The 2030 wealth forecast was produced by the UK’s House of Commons library research team this month and fits with other wealth projections I have mentioned in the past. Today the Cuckoo’s Egg story is not unique; last month the city government of Atlanta, Georgia, ground to a halt as all its computers were stricken with ransomware. For the past few weeks we’ve been hearing stories about all the Facebook user data scraped by Cambridge Analytica – that data is insignificant compared to the data being amassed by the Chinese government and by America’s very own National Security Agency. Back in 2014, for instance, journalists found the latter had copies of every E-mail sent in Bermuda – and where else – during the previous year.
Research by Exodus Privacy and Yale University’s Privacy Lab found that more than 75% of Google Play apps, such as Uber, Tinder, Skype, Twitter, Spotify, and Snapchat, contain at least one of 25 known trackers of user behaviour. These are primarily used for targeted advertising, behavioural analytics and location tracking. Research by Quartz Magazine found Google was tapping cell phone locations even when a phone’s location services had been switched off. In addition, Google is being accused of bypassing iPhone security during 2011 and 2012 in order to collect personal information. Then just last week I found an article recommending I tape over the cameras on my phone and my computer; it seems there might be others surreptitiously using my cameras and microphones to take selfies and more of me and stream them back to goodness knows where.

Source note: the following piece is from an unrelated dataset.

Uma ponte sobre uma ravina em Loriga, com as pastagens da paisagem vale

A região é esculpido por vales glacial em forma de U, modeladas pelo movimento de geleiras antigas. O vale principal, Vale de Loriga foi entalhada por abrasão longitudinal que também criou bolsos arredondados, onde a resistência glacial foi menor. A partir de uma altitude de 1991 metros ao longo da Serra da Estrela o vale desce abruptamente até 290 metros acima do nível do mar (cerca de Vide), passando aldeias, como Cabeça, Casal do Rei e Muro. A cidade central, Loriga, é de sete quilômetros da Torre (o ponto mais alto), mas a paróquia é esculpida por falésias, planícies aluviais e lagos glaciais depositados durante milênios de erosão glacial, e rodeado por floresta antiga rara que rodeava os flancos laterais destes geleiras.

Amazon, Apple and Google are in hot competition to provide the controlling devices for domestic Internets of Things – including of course stoves that can be switched on remotely using one’s cellphone. At an Internet security conference last year an eleven year old whizzkid demonstrated how he had hacked into his sibling’s Bluetooth enabled teddy bear. Now the German government is warning parents not to let their offspring buy Bluetooth enabled toys; maybe the government should be warning kids not to let their parents buy wifi enabled kitchenware!

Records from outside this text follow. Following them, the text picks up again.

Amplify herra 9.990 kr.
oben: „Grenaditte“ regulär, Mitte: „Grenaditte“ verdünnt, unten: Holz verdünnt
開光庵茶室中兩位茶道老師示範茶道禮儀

We all know that many aircraft landings today are fully automated, controlled by an airport computer on the ground rather than the pilots sitting up front. Smart yachts are monitored by their makers so they can anticipate problems their wealthy clients might encounter and fix them remotely. After Hurricane Harvey, Tesla remotely updated the software on older models fleeing the storm so they could move faster and get away. What’s to stop determined hackers accessing any of these systems?
The computer systems at the Winter Olympics in South Korea were hacked into by persons purporting to be North Korean but who, on further investigation, were found to be Russian. Meanwhile Google has been crowing about an artificial intelligence based game playing computer that could beat any human being at the very complicated game of Go. Now, as you well know, Go and Chess, where a computer beat the world champion more than a decade ago, are quite complicated compared to a game which has just one simple rule – pay up or I will eliminated you! For some years now I’ve been reading warnings about software that sneaks onto your computer and wakes it up when you are asleep to perform tasks that need lots of computers running in parallel. The applications that come to mind of course are neural networks or one of the crypto currencies which requires blockchain software running on a maze of computers in parallel.
So, I like to think that my science fiction, albeit composed after midnight, is much more plausible than Aldous Huxley’s. What about yours?